Methods for recovering and recycling dimethyl ether from a methanol-to-chemical conversion reaction using a dimethyl ether absorber tower are disclosed in U.S. Pat. No. 4,587,373 to Hsia.
Stud. Surf. Sci. Catal. (1985), 20 (Catl. Acids Bases), 391–8, discusses low temperature conversion of dimethyl ether over Pt/H-ZSM-5 in the presence of hydrogen by a bifunctional catalyzed reaction.
Stud. Surf. Sci. Catal. (1993), 77 discusses hydrogenation of oxygenates such as dimethyl ether over a Ni/Al2O3 catalyst to form methane.
U.S. Pat. No. 5,491,273 to Chang et al. discloses conversion of lower aliphatic alcohols and corresponding ethers to linear olefins over large crystal zeolites, e.g., ZSM-35 containing a hydrogenation component of Group VIA and Group VIIIA metals.

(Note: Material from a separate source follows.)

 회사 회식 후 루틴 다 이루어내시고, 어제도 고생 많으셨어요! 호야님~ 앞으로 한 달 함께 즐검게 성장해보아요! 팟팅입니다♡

DE3210756 discloses a process for converting methanol and/or dimethyl ether feed to olefins by reacting the feed over a pentasil type zeolite catalyst, separating C2–C4 olefins, methane and water from the reaction product and catalytically hydrogenating the remaining components over Co—Mo supported on alumina, optionally preceded by hydrogenation over a Group 8 noble metal for polyunsaturated, non-aromatic compounds.
U.S. Pat. No. 4,912,281 to Wu discloses converting methanol or methyl ether to light olefins in the presence of hydrogen and ZSM-45 which is highly selective to C2–C4 olefins, especially ethylene.

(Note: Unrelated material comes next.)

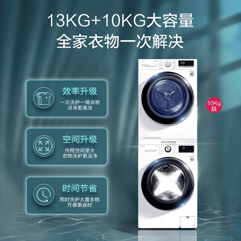首先,我们来看看LG的容慧大容量洗烘套装。这款组合包括13公斤全自动滚筒洗衣机和10公斤双变频烘干机,专为大家庭设计。它的核心技术是360°速净喷淋技术,通过多角度水流冲洗衣物,连油渍、汗渍都能洗得干干净净,省去手搓的麻烦。

DE2720749 discloses converting lower aliphatic ethers to hydrocarbons in the presence of amorphous, non-acid-activated Al silicate.
U.S. Pat. No. 4,625,050 to Current discloses the use of carbonylation to convert dimethyl ether to methyl acetate and ethanol (as well as minor amounts of methyl formate and propanol) over hydrogen and CO in the presence of heterogeneous NiMo catalyst on an alumina support.
EP-229994 discloses the removal of dimethyl ether as an impurity (1–500 wppm) of olefinic hydrocarbon feedstock by passing the feedstock through an adsorbent mass of crystalline zeolite molecular sieve having the crystal structure of faujasite at 0–60° C. and 0.15–500 psia to selectively absorb dimethyl ether.
“Bifunctional Condensation Reactions of Alcohols on Basic Oxides Modified by Copper and Potassium”, M. J. L. Gines and E. Iglesia, J. Catal., 176, 155–172 (1998) discloses alcohol dehydrogenation and condensation reactions involved in chain growth pathways on Cu/MgCeOx which lead to formation of isobutanol with high selectivity via reactions of higher alcohols with methanol-derived C1 species in reaction steps.
Given the difficulties presented in removing oxygenate by-products of oxygenates to olefins processes such as aldehydes and/or ketones, as well as ethers, it would be advantageous to remove at least one or more of these by-products with techniques that do not require dedicated equipment for superfractionation, water washing, etc.